Financial Securities
Market makers
Market makers ensure there are always buyers and sellers
A key concept to help understand the stock market is the idea of a market maker.
Think of it this way. There aren't always buyers to match up with sellers of stocks. However, stock trades typically go through in seconds. How can brokers buy and sell stocks in your account instantaneously?
Individuals known as market makers act as intermediaries between buyers and sellers. This ensures there's always a liquid marketplace for stocks on an exchange. With a liquid market like this, investors can choose to buy and sell shares immediately, whenever they want, during market hours. Here's a rundown of what investors should know about the process:
- Market makers buy and hold shares and continually list buy-and-sell quotations for shares.
- The highest offer to buy shares listed from a market maker at any given time is known as the bid. The lowest offered selling price is known as the ask.
- The difference between the two is called the spread.
Because of market makers, you'll never have to wait to sell stocks at their full market value.
Bid and Ask
Buying stocks
What happens when you buy a stock?
Investors must carry out the transactions of buying or selling stocks through a broker. In a nutshell, a broker is simply an entity licensed to trade stocks on a stock exchange.
Throughout most of the stock market's history, a broker has been an actual person whom you tell what to buy and sell. In the modern era, however, it is an online stock broker -- say, Schwab or Fidelity. Firms like these usually process the entire transaction electronically, although most still offer the ability to complete a trade by phone.
When you buy a stock, here's the simplified version of how it works:
- You tell your broker (or input electronically) what stock you want to buy and how many shares you want.
- Your broker relays your order to the exchange. A market maker sells you shares at the current market price.
- The shares are then delivered to your account.
It works the same way when you choose to sell a stock.
Stock indexes
How does a stock index track the stock market?

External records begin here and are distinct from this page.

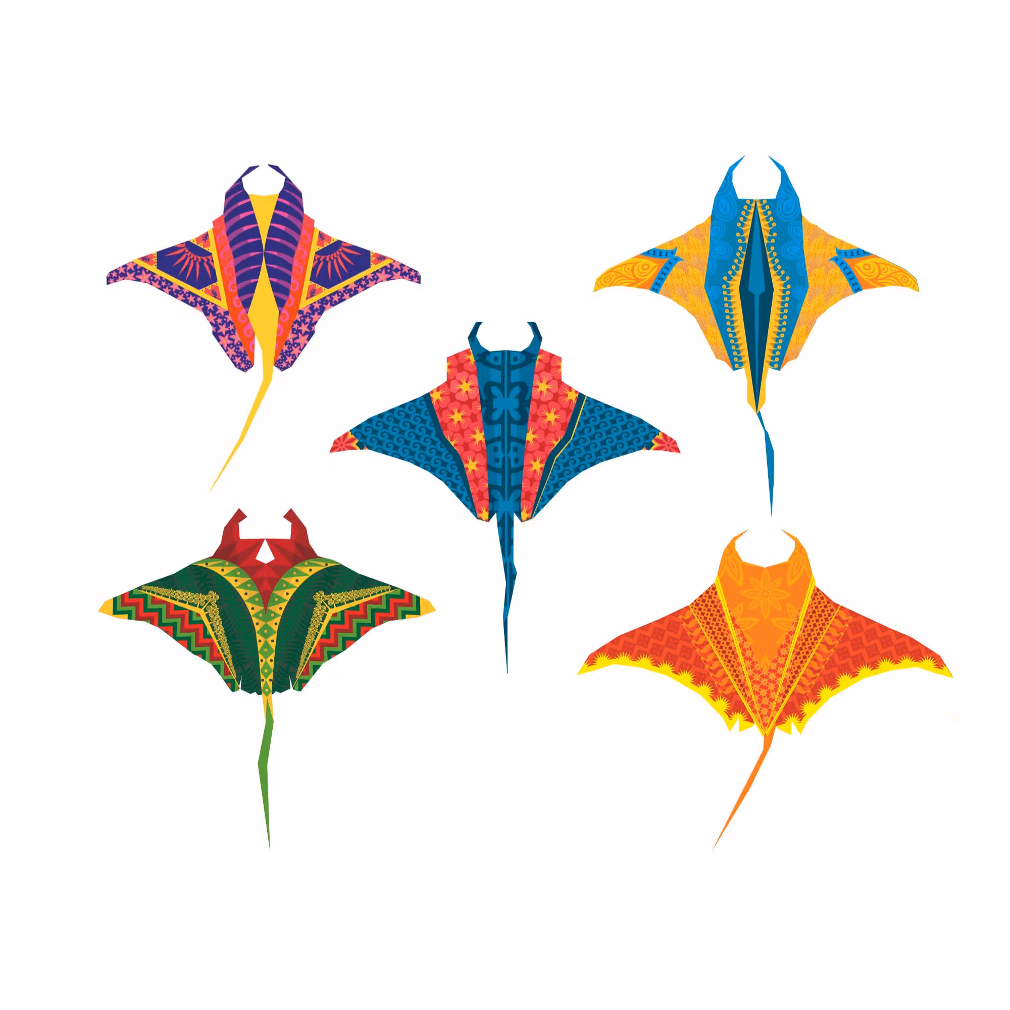 The two Bahamian manta rays blend elements from the national flag, sea-related symbols such as conch shells and starfish, wildlife motifs such as the flamingo, the national bird, and waves representing the power of the sea; The Puerto Rican manta ray blends symbols from Taino culture, such as the coqui (a native frog), the sun, and the national flower, the flor de maga; The Barbadian manta ray blends the symbols of the national flag, the flying fish, representations of the national flower, the Caesalpinia pulcherrima, and other local wild life; The Jamaican manta ray features national symbols like the hummingbird, tropical flora, and cultural motifs from Jamaican festivals such as musical symbols; and The Trinidadian and Tobagonian manta ray features Carnival-inspired designs and motifs from calypso music such as steelpan musical instruments, alongside national symbols like the scarlet ibis and the Chaconia flower.
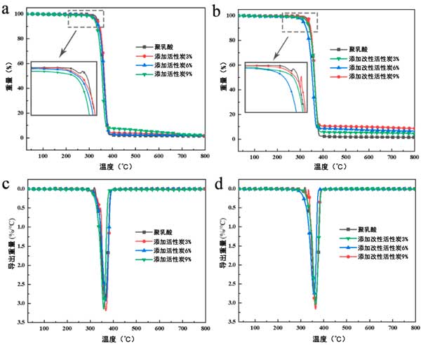 熱重分析結(jié)果列于圖3中。所有樣品均呈現(xiàn)單一熱降解階段,但5%質(zhì)量損失溫度(T5%)或熱降解速率最高溫度(Tmax)略有不同。純聚乳酸在322℃時開始快速降解,如圖3a所示,其Tmax達到363℃,并且在400℃時幾乎所有質(zhì)量都損失了。在800℃的終端溫度下測得相應的殘?zhí)柯蕛H為1.35%。相比之下,當應用改性活性炭時,酸性添加劑(磷酸鹽)會促進聚乳酸復合材料的較早分解,這與之前的結(jié)果一致。殘?zhí)柯孰S著復合材料中改性活性炭的加載而逐漸增加。純聚乳酸和改性活性炭復合材料的Tmax幾乎沒有差異,分別為363℃、364℃、357℃和363℃。因此可以看出,改性活性炭負載對聚乳酸降解沒有影響。在600℃到800℃的范圍內(nèi),聚乳酸燃燒的殘余物沒有質(zhì)量變化,但在一定程度上可以觀察到輕微的質(zhì)量損失,表明加入改性活性炭后復合材料的燃燒延遲。
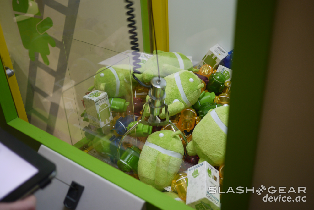 This tour will start at the front desk where you'd be lucky to find an Android pin without being extra excellent at timing and charm. Next there's the gigantic television screen playing loops of the Galaxy Nexus floating through space, this above a cove of sorts designed by Mr Brainwash brand graffiti, this area promoting Google Music almost exclusively. Also in this room was one of two Android claw machines which anyone could win a plush Android or Android plastic toy from – these plastic toys, by the way, were part of the series just released in recent weeks by Andrew Bell and crew over at Dead Zebra, much like last year when they pre-released Series 2 via Google at MWC again.
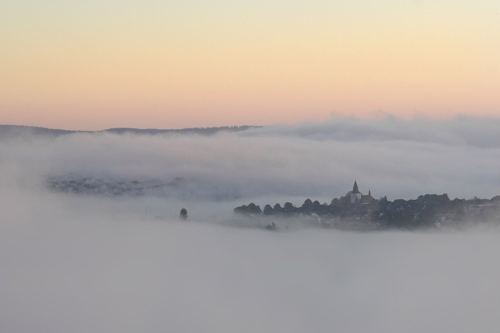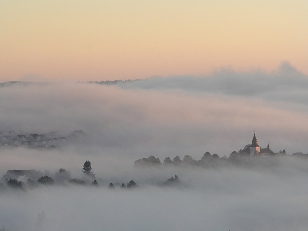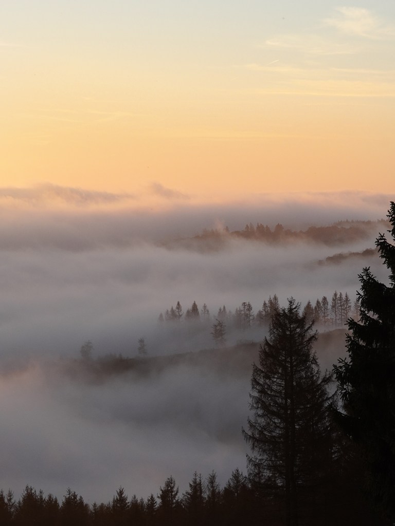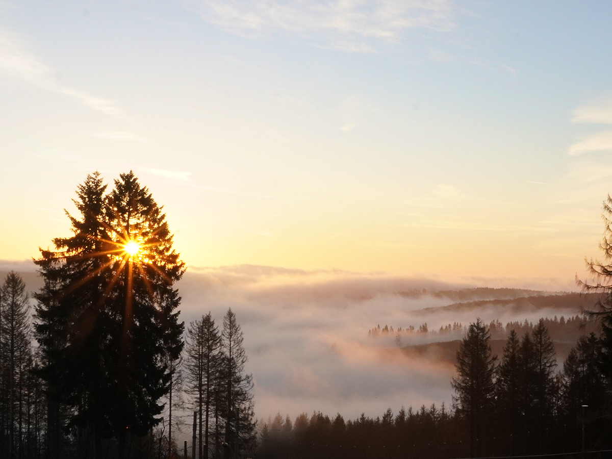 Das sind die Herbstmorgen, auf die ich mich jedes Jahr wieder freue 🙂 Nebel, Morgenrot und kleine Inseln, die oben aus dem Nebel herausschauen. An diesem Morgen stand ich an der Winterberger Bobbahn und konnte mich nicht sattsehen.
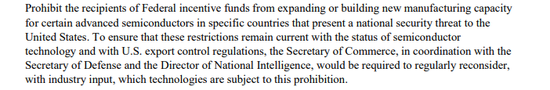 在法案文本中關(guān)于補(bǔ)貼資助對(duì)象資格的內(nèi)容中,明確寫到,禁止接受聯(lián)邦獎(jiǎng)勵(lì)資金的企業(yè),在那些對(duì)美國(guó)國(guó)家安全構(gòu)成威脅的特定國(guó)家擴(kuò)建或新建某些先進(jìn)半導(dǎo)體*的新產(chǎn)能。
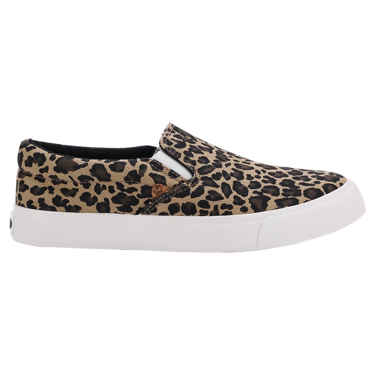Simple and stylish, these Womens LAMO sheepskin Piper slip-on cheetah fashion sneakers will keep you on trend. Features elastic gores which fit you nicely & snug atop a memory foam footbed and vulcanized outsole.
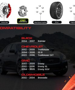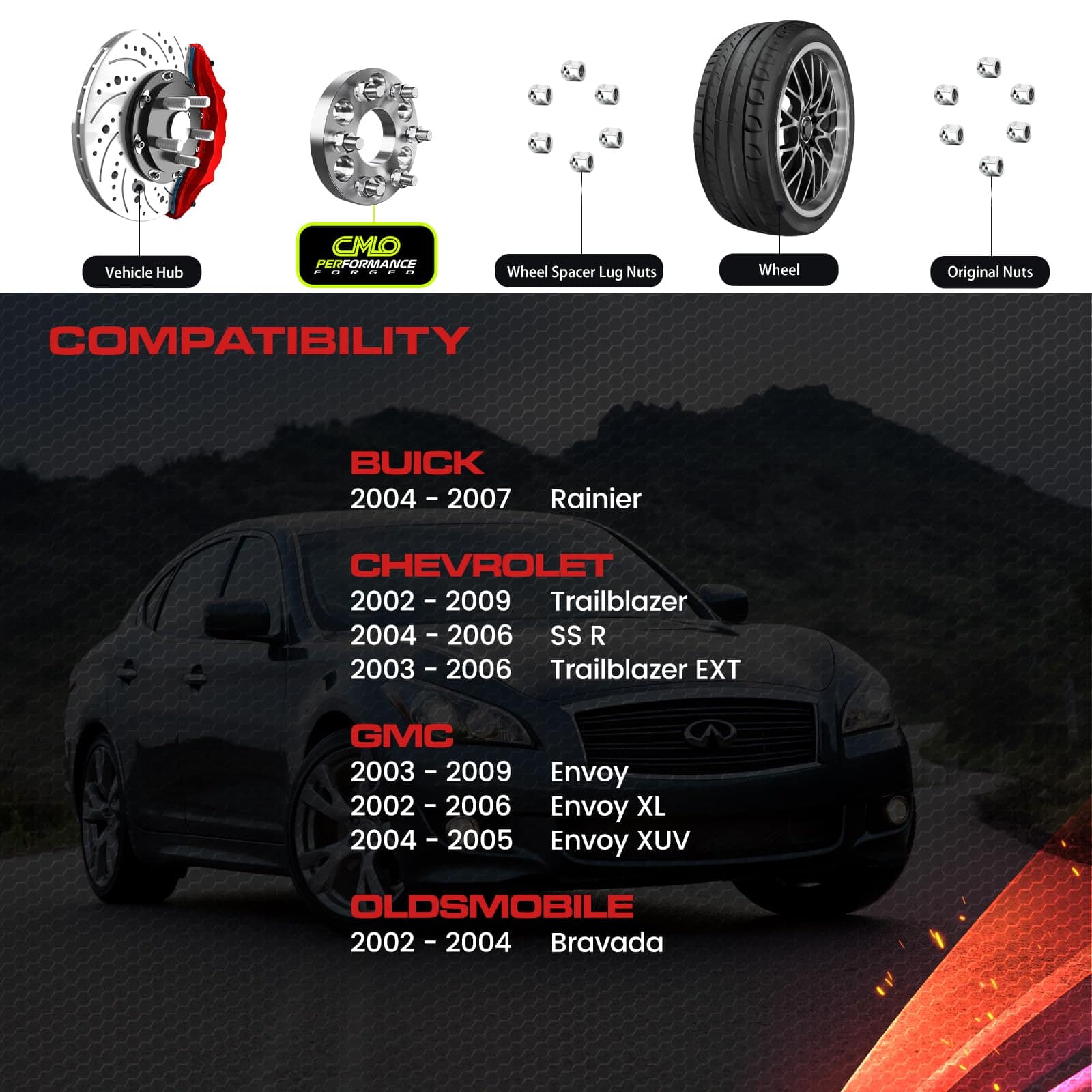 Nuestros espaciadores de rueda están diseñados para la corrección de desplazamiento, mejorando el rendimiento en la conducción y realzando la apariencia general del vehículo. Fabricados con aluminio de alta calidad 6061 T-6, conocido por su resistencia a la tracción y durabilidad. Los espaciadores están ensamblados con pernos de acero al carbono de clase 10.9 (grado 8 SAE) con tratamiento térmico. Respaldados por nuestra garantía de reemplazo de 2 años contra cualquier defecto funcional. Compatible con Buick Rainier 2004-2007, Chevy Trailblazer 2002-2009, Trailblazer EXT 2003-2006, SSR 2004-2006, GMC Envoy 2003-2009, Envoy XL 2002-2006, Envoy XUV 2004-2005, y Oldsmobile Bravada 2002-2004.
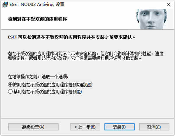 4、选择第一项:启用潜在不受欢迎的应用程序检测功能
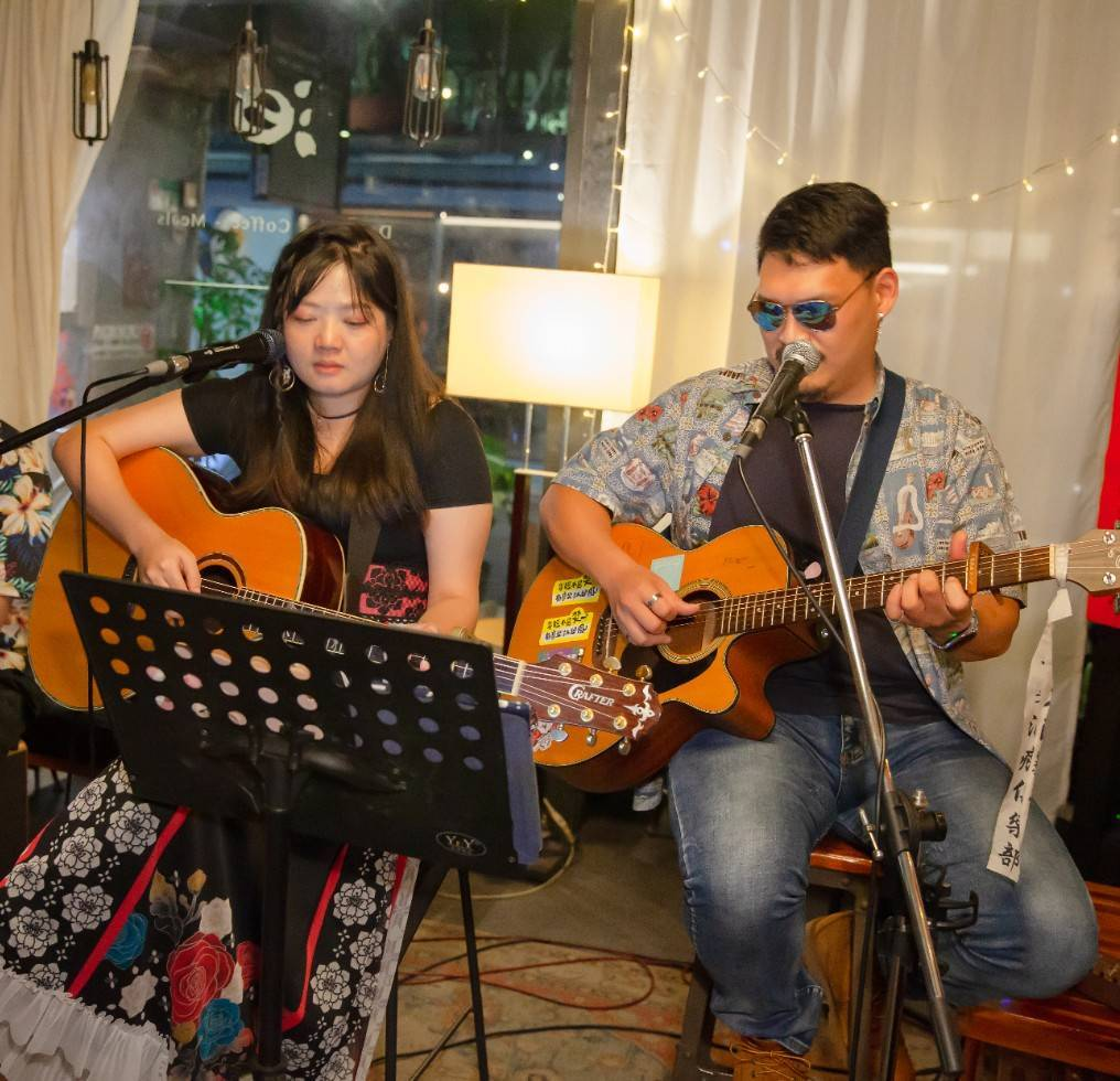 目前,我的音樂搭檔是吉他手阿元,我們一起組成了一個默契十足的表演組合。我擔任主唱,阿元負責吉他演奏。除了在各大場所駐唱流行歌曲外,我們也會舉辦一些創作演出,向觀眾展示我們自己的音樂作品。我在演唱時喜歡融入一些吼腔的技巧,這不僅能增強音樂的表現力,也時常會讓樂手們感到驚喜甚至有些吃驚 😱 (笑)。 這些年來,我們通過音樂結識了許多志同道合的朋友,獲得了無數難忘的經歷。我們希望通過每一次的演出,將最真摯的音樂帶給聽眾,讓大家能夠感受到我們的熱情和努力。我們會繼續創作更多動人的音樂,探索更多元的音樂風格,期待在音樂的道路上與大家一同成長。

When discussing the stock market, people often generalize "the market" to a stock index. Stock indexes, such as the S&P 500 or the Dow Jones Industrial Average, or DOW for short, are a representation of the performance of a large group of stocks or a particular stock market sector.
These are used as a benchmark to compare the performance of individual stocks or an entire portfolio. For example, the S&P 500 index tracks the performance of 500 of the largest publicly traded companies in the U.S.
It's important to understand that the major stock indexes you see on TV and in the news do not fully represent the entire stock market. It's entirely possible for a stock to decline even if a certain index is up, and vice versa.
The only true way to understand what the stock market is doing is by looking at an average of multiple indices across various sectors.
When someone says "the market is up" or that a stock "beat the market," they are usually referring to a stock index.
Stock markets, exchanges, & indexes
Stock markets, stock exchanges, and stock indexes
There are three different terms here with similar and often misunderstood meanings:
- Stock market: The process and facilitation of investors buying and selling stocks with one another.
- Stock exchange: The actual intermediary that connects buyers with sellers, such as the New York Stock Exchange (NYSE).
- Stock index: A numerical representation of a group of stocks that is used to track their collective performance. Such as the S&P 500 or Nasdaq Composite.
Related investing topics
The bottom line on stock markets
Knowing the basics of how stock markets work can help make you a better investor and open the door to potential long-term wealth.
Without understanding why your investments can be bought and sold at a moment's notice, the stock market's auction-like system, or why prices fluctuate, you'll never become the wise investor we aim to make everyone.